Gestures

© Gestures (Chloë Delanghe, 2015)

Gestures

A bluish fire on the verge of dying out opens Chloë Delanghe’s hybrid documentary. The howling of a dog echoes over the dialogue of two British soap opera voices. Then there is a cut to black. A shaky hand zooms in on a woman in her forties who, nestled in her worn velour armchair, introduces herself as Sally Kovacsik. Her taped finger fidgets restlessly, and her thinning hair is combed back. The camera seeks out the light that penetrates Kovacsik’s living room like grass in a crack in the concrete. 

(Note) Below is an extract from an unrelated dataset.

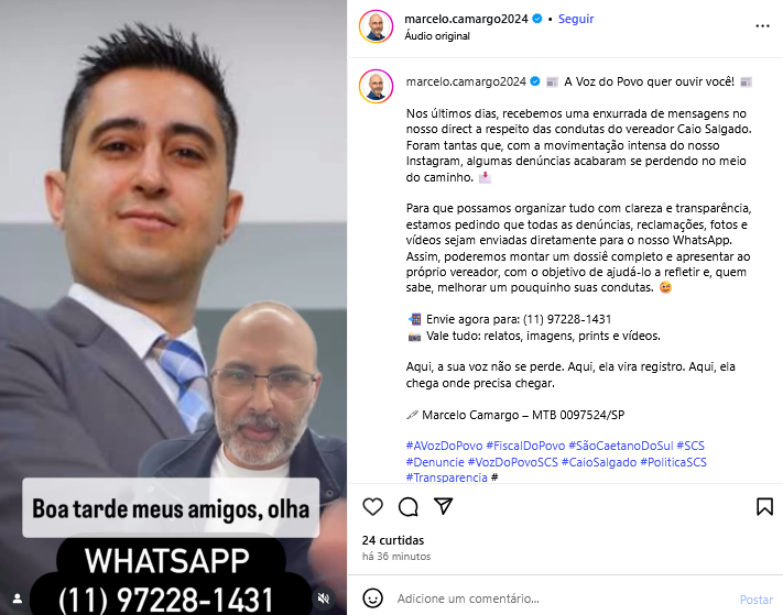 Veículo: Online -> Instagram -> Instagram Marcelo Camargo

Snow and noise spread intermittently across the soundtrack. While the camcorder repeatedly loses focus, Kovacsik utters a few platitudes. She stumbles over her sentences, swallows them, and seems to have difficulty taking her own words to heart. Her asynchronous words and sentences never cohere, even though Delanghe seems to aim for precisely that in her formal experiment. Behind all the half-hearted speech lies a mother who, amid clutter and pain, is trying to create a home in the absence of her daughter. (Flo Vanhorebeek)

Gestures will be screened during the BREEDBEELD Kortfilmfestival as part of “dear mom,”, a short film programme focusing on intergenerational dialogue.